Im looking for a cheap critter. I used to have one but cant for the life of me remember who made it. It was a little 4 wheel job. It was yellow and I remember that the headlight mounted to the exhuast stack. It was a cheap little thing looked kinda like a small plymouth. Any help?


----------



## vsmith (Jan 2, 2008)

Thats an MDC Big Hustler and I just happen to havetwo for sale in the Classifieds 

Kit version new in box: http://www.mylargescale.com/Shopping/Classifieds/tabid/61/agentType/View/PropertyID/361/Default.aspx

Centercab bash: http://www.mylargescale.com/Shopping/Classifieds/tabid/61/agentType/View/PropertyID/357/Default.aspx

This is a built up one:


----------



## ETSRRCo (Aug 19, 2008)

THATS IT!


----------



## ETSRRCo (Aug 19, 2008)

Now my next question. Do you think there is enough room to RC that?


----------



## altterrain (Jan 2, 2008)

Stan Cedarleaf did one awhile back. You might find the thread in a search of the modeling section. He put the sound and RC in a small trailer car. 

-Brian


----------



## altterrain (Jan 2, 2008)

Found it - http://www.mylargescale.com/Community/Forums/tabid/56/forumid/8/tpage/1/view/topic/postid/12055/Default.aspx#12055


----------



## Del Tapparo (Jan 4, 2008)

Posted By ETSRRCo on 04/16/2009 9:14 AM
Now my next question. Do you think there is enough room to RC that?

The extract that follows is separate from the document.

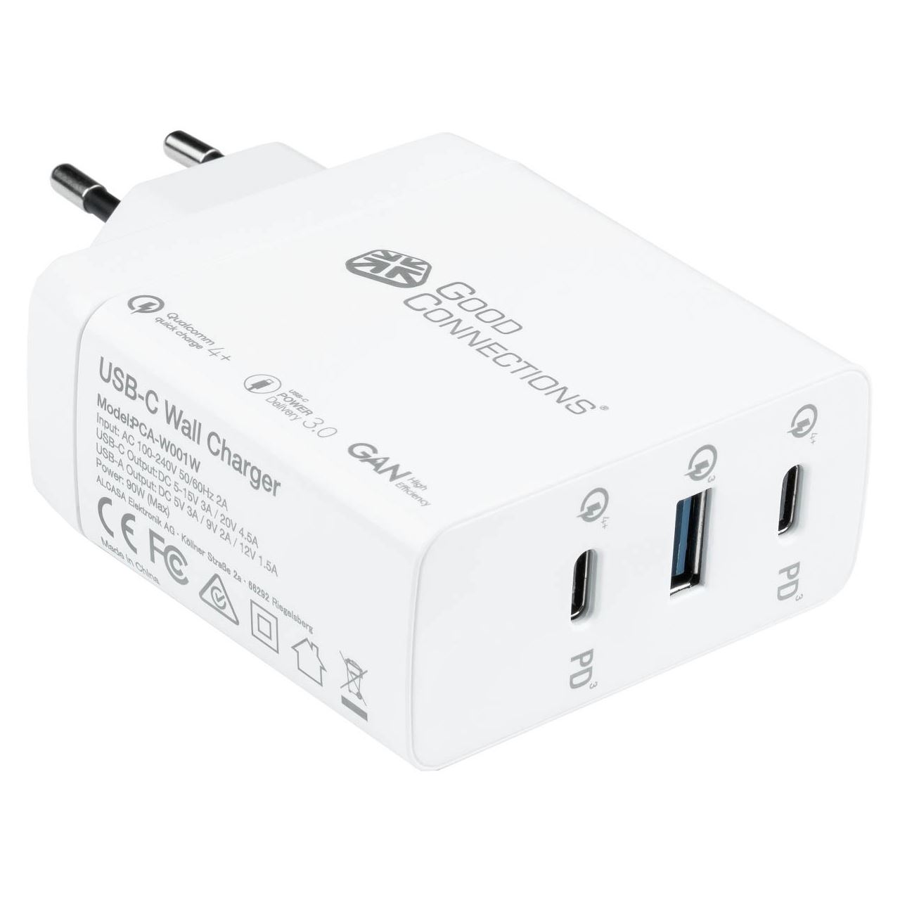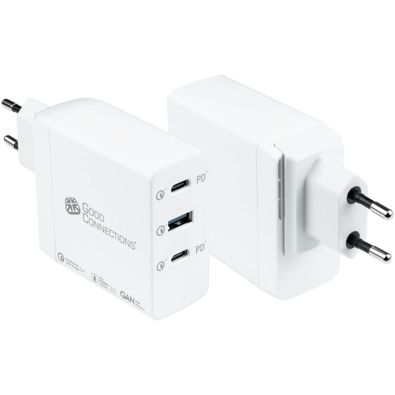 Good Connections USB-Schnellladegerät 90W mit GaN-Technologie, 3-Port (2x USB-CÖ und 1x USB-A), PD 3.0, QC 4+, weiß,

If you can get the batteries under the hood, you could install a "Simple Critter Control" in the roof.


----------



## c nelson (Dec 18, 2008)

Posted By ETSRRCo on 04/16/2009 9:14 AM
Now my next question. Do you think there is enough room to RC that?

just like Jello, there's always room for RC!...it's the batteries that get in the way!


----------